Amongst his many achievements, Wren held the post of Professor of Astronomy at Gresham College, a job intimately involving him in the measurement of time. Wren personally designed more than one meteorological recording clock.
A visitor passing under Temple Bar into Paternoster Square (illustrated left), will see above his or her head, a statue of King Charles I. As it happens, it was Charles who in 1631, granted the founding Charter to the Worshipful Company of Clockmakers of London. His action led to the flowering of horology in the City and an outpouring of mechanical ingenuity unmatched for some 200 years.
Immediately ahead, the visitor will see a new building, housing the London Stock Exchange. High on its wall and carved deeply into the stone, is one of the most accurate noon-marks in the world, calculated by Dr. Frank King of Cambridge University.

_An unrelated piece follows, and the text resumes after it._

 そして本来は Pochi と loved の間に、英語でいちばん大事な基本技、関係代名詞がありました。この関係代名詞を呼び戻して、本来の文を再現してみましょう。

A pylon, jutting out from the top of the building, carries a small disc at its extremity. This casts a round shadow on the wall of the building as noon approaches, with a bright sun-spot in its centre. Exact noon can be read, when the sun-spot touches the figure of eight line, marked with the days of the month.

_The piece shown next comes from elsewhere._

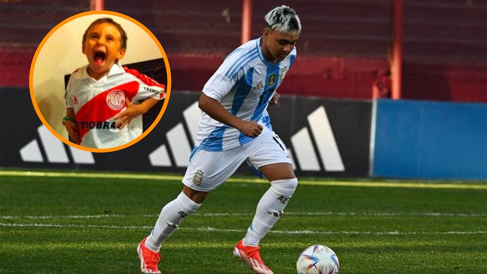 Woiski, con la camiseta de Argentina y los colores de River, cuando era un niño

If the visitor leaves the Stock Exchange to the right and proceeds straight ahead down the lane to Newgate, the Newgate Tower (carrying the Newgate Street Clock on its further side) will appear on the right.
To the north of the Newgate Street Clock, can be seen the ruins of Christchurch. This was a church designed by Wren and engineered by a second great 17th century polymath Robert Hooke. Hooke, who devised the balance-spring for watches c. 1663, visited and oversaw work on the church in August and November 1677 and February, April and June 1679. Finally, to the east of the clock, stands the massive British Telecom office-block. It was from this site, at the end of the 19th century, that Greenwich Mean Time was distributed via the electric telegraph, to cities throughout the United Kingdom.